--- Problem to solve ---
Retype the listing exactly; omit pictures.

--- Supplied material ---
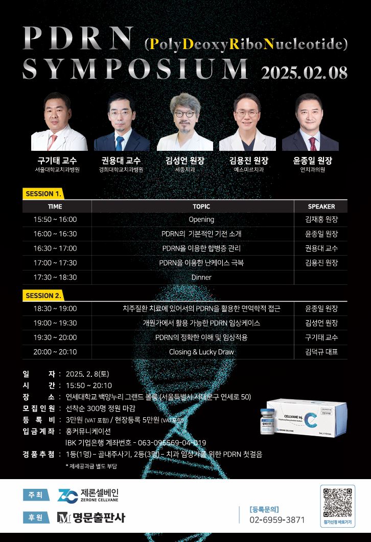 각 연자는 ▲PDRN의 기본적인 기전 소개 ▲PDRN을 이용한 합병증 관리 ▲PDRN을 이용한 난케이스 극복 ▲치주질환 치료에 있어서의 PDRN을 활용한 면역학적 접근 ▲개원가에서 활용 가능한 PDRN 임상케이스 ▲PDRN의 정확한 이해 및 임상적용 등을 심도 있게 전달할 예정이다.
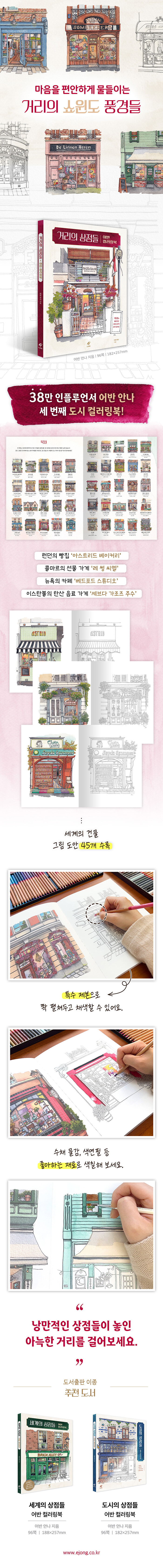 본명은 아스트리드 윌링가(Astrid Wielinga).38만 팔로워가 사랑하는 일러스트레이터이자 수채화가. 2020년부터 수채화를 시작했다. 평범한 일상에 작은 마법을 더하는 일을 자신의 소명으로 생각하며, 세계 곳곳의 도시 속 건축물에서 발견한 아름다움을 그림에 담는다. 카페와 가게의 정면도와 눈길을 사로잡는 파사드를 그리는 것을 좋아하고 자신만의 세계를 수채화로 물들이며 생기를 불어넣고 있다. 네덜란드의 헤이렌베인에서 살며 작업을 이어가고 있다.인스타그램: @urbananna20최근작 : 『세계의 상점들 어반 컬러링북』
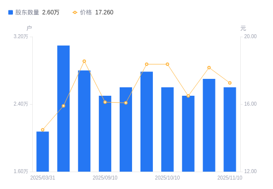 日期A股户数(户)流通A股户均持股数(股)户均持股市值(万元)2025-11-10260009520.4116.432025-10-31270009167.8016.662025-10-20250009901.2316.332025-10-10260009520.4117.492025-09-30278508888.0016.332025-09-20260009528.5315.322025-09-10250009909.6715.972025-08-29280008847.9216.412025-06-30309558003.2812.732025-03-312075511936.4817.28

--- Output of the task ---
 각 연자는 ▲PDRN의 기본적인 기전 소개 ▲PDRN을 이용한 합병증 관리 ▲PDRN을 이용한 난케이스 극복 ▲치주질환 치료에 있어서의 PDRN을 활용한 면역학적 접근 ▲개원가에서 활용 가능한 PDRN 임상케이스 ▲PDRN의 정확한 이해 및 임상적용 등을 심도 있게 전달할 예정이다.
 본명은 아스트리드 윌링가(Astrid Wielinga).38만 팔로워가 사랑하는 일러스트레이터이자 수채화가. 2020년부터 수채화를 시작했다. 평범한 일상에 작은 마법을 더하는 일을 자신의 소명으로 생각하며, 세계 곳곳의 도시 속 건축물에서 발견한 아름다움을 그림에 담는다. 카페와 가게의 정면도와 눈길을 사로잡는 파사드를 그리는 것을 좋아하고 자신만의 세계를 수채화로 물들이며 생기를 불어넣고 있다. 네덜란드의 헤이렌베인에서 살며 작업을 이어가고 있다.인스타그램: @urbananna20최근작 : 『세계의 상점들 어반 컬러링북』
 日期A股户数(户)流通A股户均持股数(股)户均持股市值(万元)2025-11-10260009520.4116.432025-10-31270009167.8016.662025-10-20250009901.2316.332025-10-10260009520.4117.492025-09-30278508888.0016.332025-09-20260009528.5315.322025-09-10250009909.6715.972025-08-29280008847.9216.412025-06-30309558003.2812.732025-03-312075511936.4817.28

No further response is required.